Sophia já tinha suas malas prontas, um cachecol jogado ao redor do pescoço. “Ele me ofereceu dinheiro para ficar longe de vez.”
Artur franziu a testa, não esperando ouvir isso. “E o que você disse.”
“Eu recusei, Art, não sou burra.” Ela zombou.
Artur deixou as palavras dela escorrerem, ele já havia desenvolvido uma pele grossa para suas palavras ásperas.
“E para onde você vai daqui?” Ele continuou a interrogá-la.

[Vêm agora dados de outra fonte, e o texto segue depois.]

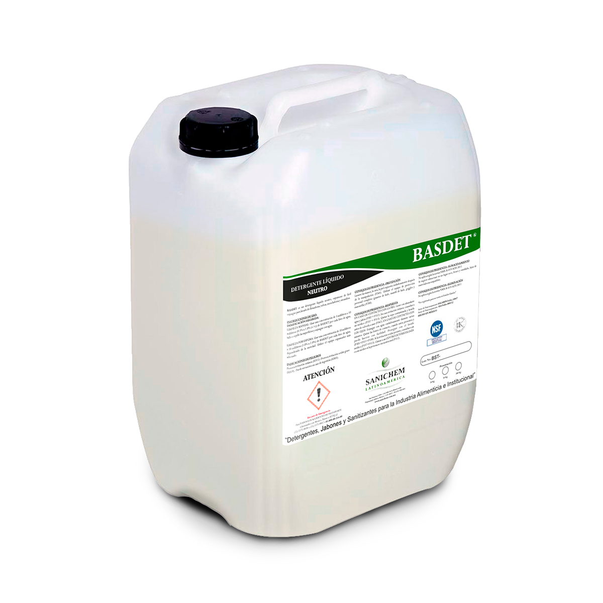 BASDET es un detergente líquido neutro, espumoso, de fácil enjuague para lavado de llenadoras, tolvas, mezcladoras y mesas de trabajo. Es un detergente de uso general para limpieza de equipo, áreas de proceso, equipo de transporte y utensilios. Su formulación a base de surfactantes y emulsificantes ayuda a eliminar suciedades medias y ligeras, de fácil enjuague y no interfiere con las lecturas de luminiscencia con hisopo.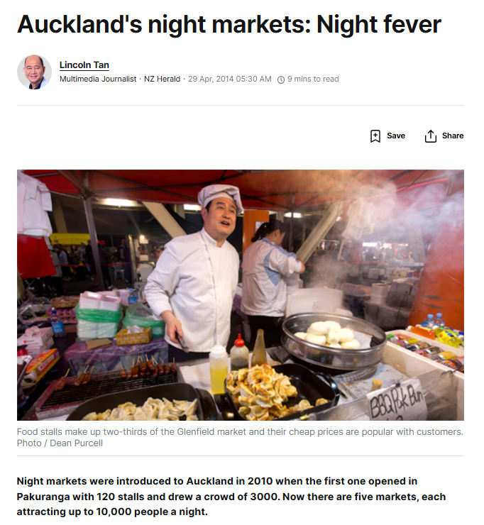 他说,自己在奥克兰北岸Glenfield长大,从小就喜欢夜市。

Os lábios vermelhos de Sophia curvaram-se em um sorriso, “Você realmente quer saber?”
Artur engoliu o bile, ele realmente não queria, mas ao mesmo tempo, não conseguia deixar de perguntar.
Havia mais de duas décadas desde que ele tinha visto Sophia pela última vez, e ele sabia que se a deixasse ir embora, ele poderia não vê-la novamente.
“Não brinque comigo,” ele reclamou rudemente.
“Eu tenho clientes no centro, então eu posso ficar em Haines por um tempo.” Sophia disse de forma despreocupada, caminhando por Artur.
“Você sabe que eu não fico muito tempo num só lugar. Eu vou onde o dinheiro me leva.”